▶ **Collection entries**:
========
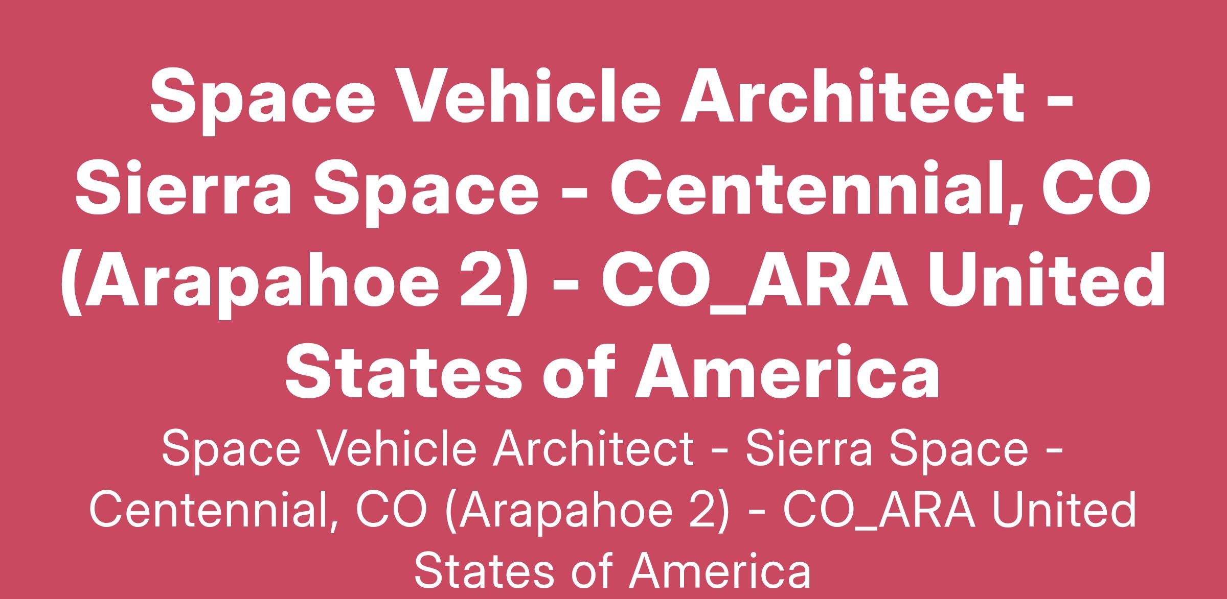 Sierra Space Corporation is an equal opportunity employer and is committed to working with and providing reasonable accommodations to applicants with disabilities. If you need special assistance or a reasonable accommodation related to applying for employment with Sierra Space or at any stage of the recruitment process, please contact us.
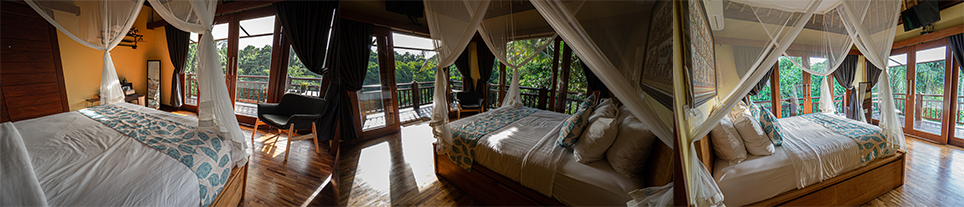 Atau tamu juga dapat mencoba tipe kamar Forest Retreat yang memiliki area balkoni yang sangat luas dengan pemandangan spektakuler. Jika Anda menginginkan kamar dengan bathub, Anda dapat mencoba tipe kamar Forest Labyrinth Room.
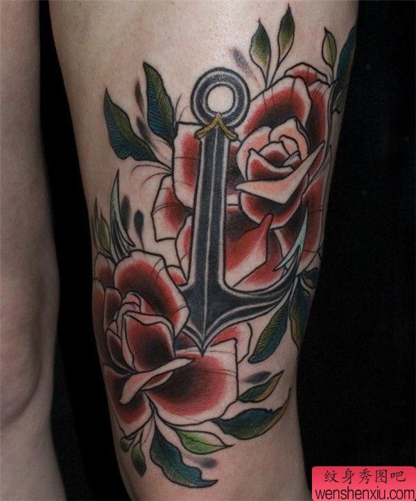 腿部船锚玫瑰文身作品
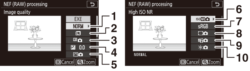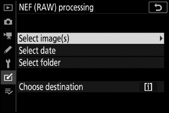 Das Konvertieren von NEF-(RAW-)Bildern in andere Formate wie JPEG wird als „NEF-(RAW-)Verarbeitung“ bezeichnet. JPEG-Kopien von NEF-(RAW-)Bildern können wie unten beschrieben auf der Kamera erstellt werden.
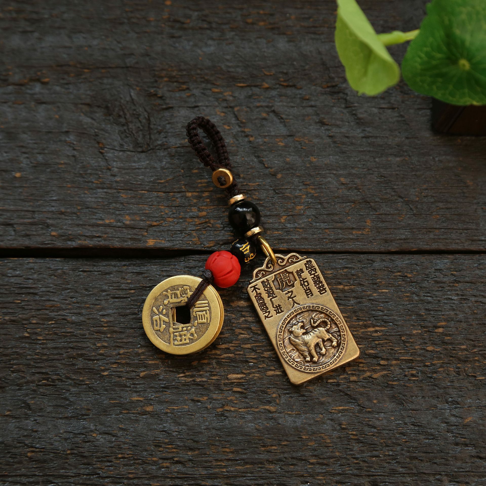 • [조디악 호랑이 허영심 숨겨진 보살상] + 블랙 레드 비즈 다섯 황제 돈
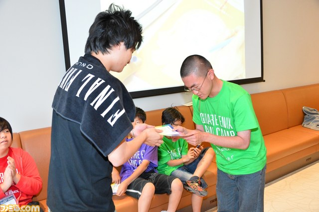 認定式では、各グループのメンターが受講生ひとりひとりに手書きのコメントを記した認定状を授与。全受講生を代表して、最初に認定状を受け取ったゆうかちゃんに感想をいただいた。「このキャンプには、『スクエニに行ける!』というミーハーな動機で来てしまいました(笑)。これまで、ゲームはプログラムを独学で身につけたりして、ひとりで作ってきましたが、ここでは方法論や手順など、いろいろなものを教わることができました。それに、生の開発現場も見せてもらえてうれしかったです」と、突然の取材にもハキハキと淀みなく対応して、取材した記者のほうがしどろもどろになってしまうほど。最後は、キャンプと同時進行で編集されていた、2日間をまとめたVTRが流され、キャンプは閉幕した。
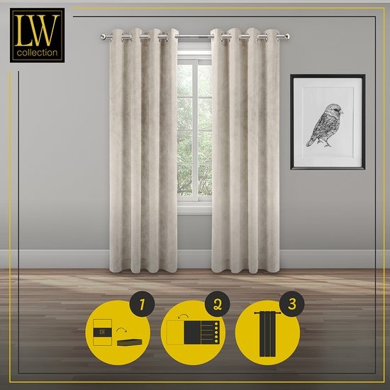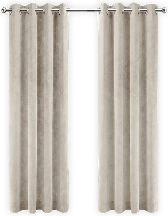 LW collection - gordijnen Beige Velvet Kant en klaar 290x270cm - Kant en klare gordijnen met ringen Velours - Fluwelen Verduisterende gordijnen
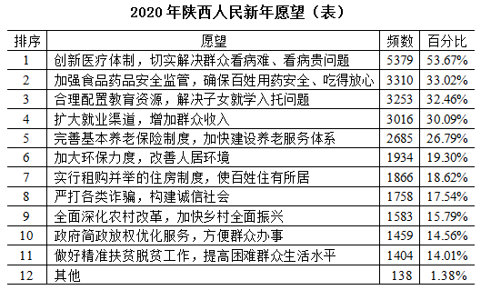 2020年陕西人民新年愿望调查结果揭示了我省万户居民对美好生活的期盼和渴求,也让我们看到了公共服务的短板,各级政府和职能部门只有紧盯这些“短板”,不断努力工作,才能不负群众的期盼,共同谱写出陕西的美好明天。
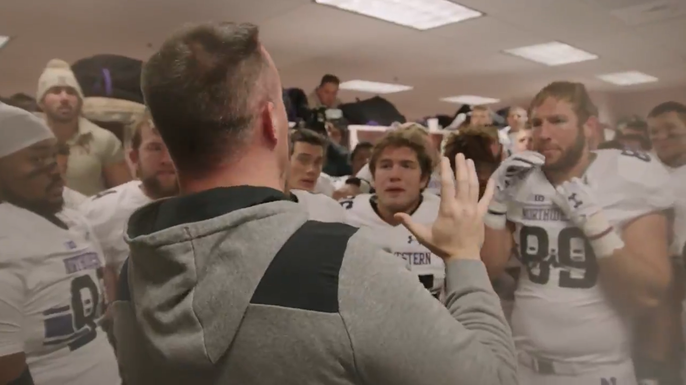 WATCH: Pat Fitzgerald gave emotional, motivational post-game speech after Northwestern won the West
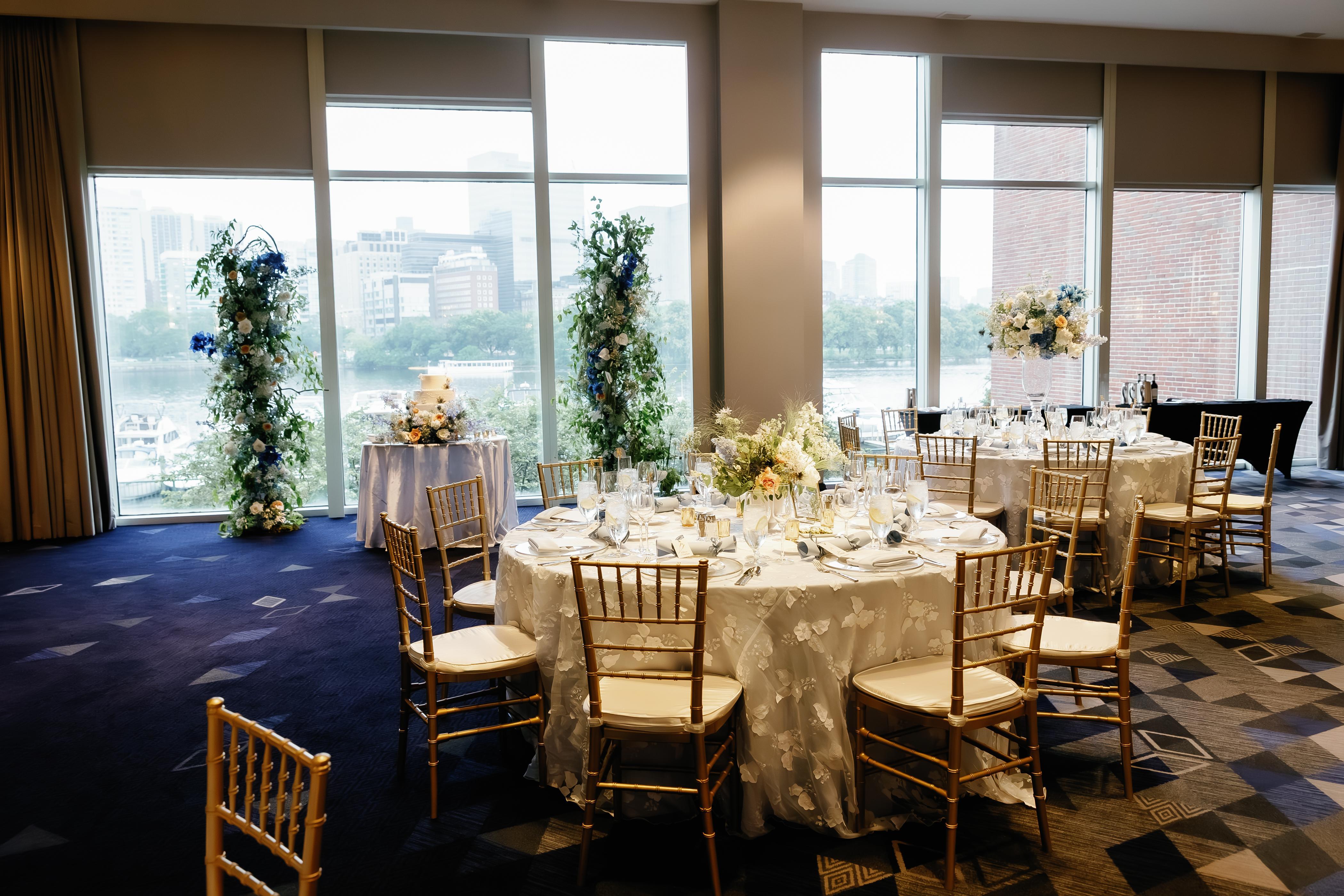 The Riverfront Ballroom is the perfect venue for an intimate wedding dinner of up to 140 guests. The room has a cozy, luxurious feel with its floor-to-ceiling windows offering stunning views of the Charles River and the Boston skyline.
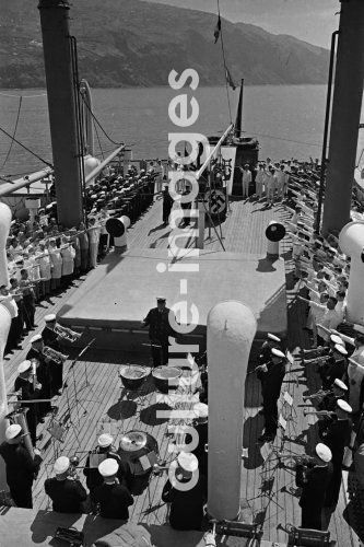 Seefahrt, Norddeutscher Lloyd, Schiff Columbus, Schiffahrt, Dampfer, Passagierschiff, Dampfschiff, Feier der NS, Appell mit NS-Flagge, Nationalsozialismus, Detail. Aus der Sammlung Hanns Tschira, Bordfotograf des Norddeutschen Lloyd 1930-1939. navigation, North German Lloyd, ship Columbus, navigation, steamboat, passenger liner, steamer, celebration of the NS, National Socialism, detail. Collection Hanns Tschira, photographer of the North German Lloyd 1930-1939.
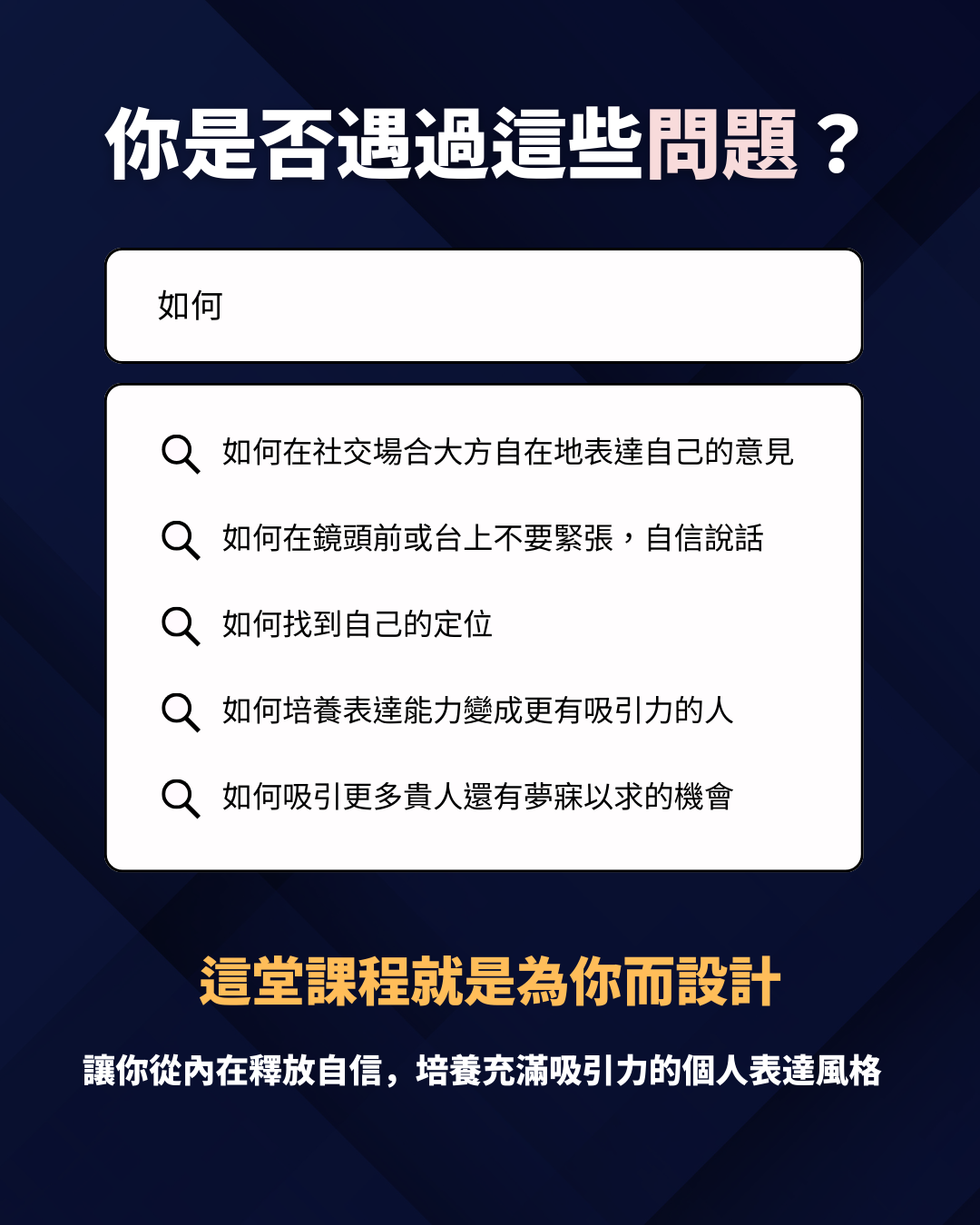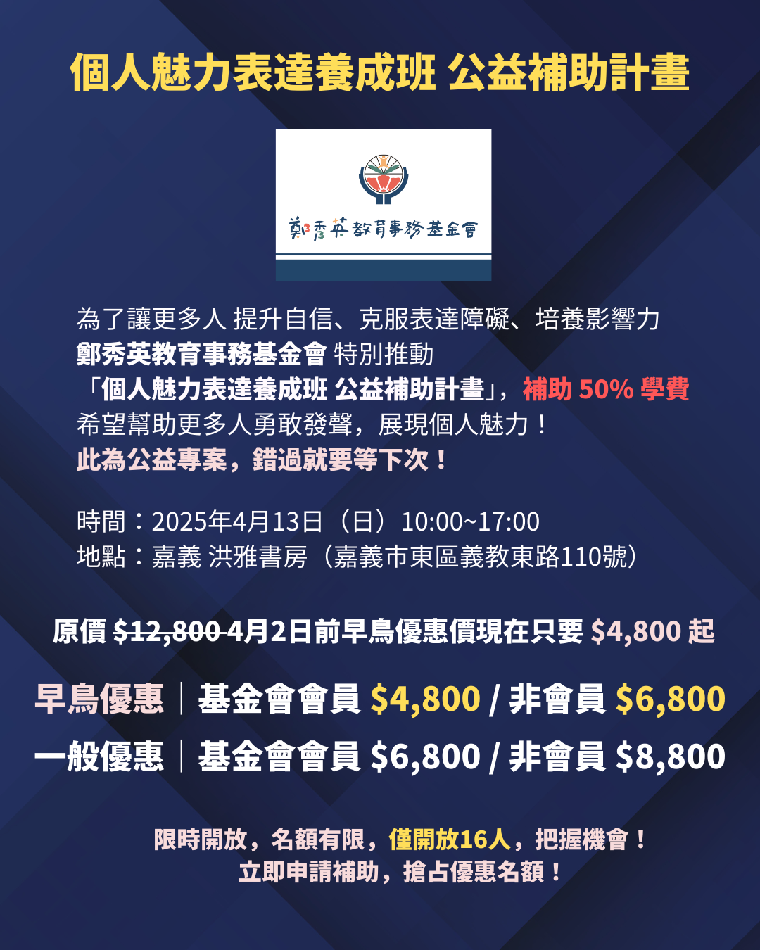 個人魅力表達養成班(一天實體+2次1對1諮詢)
========
▶ **Exercise requirements**: Could you please write out exactly the lines from the start of the entries above through the line that holds "認定式では、各グループのメン", both included, with no pictures?

▶ **Answer to this task**:
 Sierra Space Corporation is an equal opportunity employer and is committed to working with and providing reasonable accommodations to applicants with disabilities. If you need special assistance or a reasonable accommodation related to applying for employment with Sierra Space or at any stage of the recruitment process, please contact us.
 Atau tamu juga dapat mencoba tipe kamar Forest Retreat yang memiliki area balkoni yang sangat luas dengan pemandangan spektakuler. Jika Anda menginginkan kamar dengan bathub, Anda dapat mencoba tipe kamar Forest Labyrinth Room.
 腿部船锚玫瑰文身作品
 Das Konvertieren von NEF-(RAW-)Bildern in andere Formate wie JPEG wird als „NEF-(RAW-)Verarbeitung“ bezeichnet. JPEG-Kopien von NEF-(RAW-)Bildern können wie unten beschrieben auf der Kamera erstellt werden.
 • [조디악 호랑이 허영심 숨겨진 보살상] + 블랙 레드 비즈 다섯 황제 돈
 認定式では、各グループのメンターが受講生ひとりひとりに手書きのコメントを記した認定状を授与。全受講生を代表して、最初に認定状を受け取ったゆうかちゃんに感想をいただいた。「このキャンプには、『スクエニに行ける!』というミーハーな動機で来てしまいました(笑)。これまで、ゲームはプログラムを独学で身につけたりして、ひとりで作ってきましたが、ここでは方法論や手順など、いろいろなものを教わることができました。それに、生の開発現場も見せてもらえてうれしかったです」と、突然の取材にもハキハキと淀みなく対応して、取材した記者のほうがしどろもどろになってしまうほど。最後は、キャンプと同時進行で編集されていた、2日間をまとめたVTRが流され、キャンプは閉幕した。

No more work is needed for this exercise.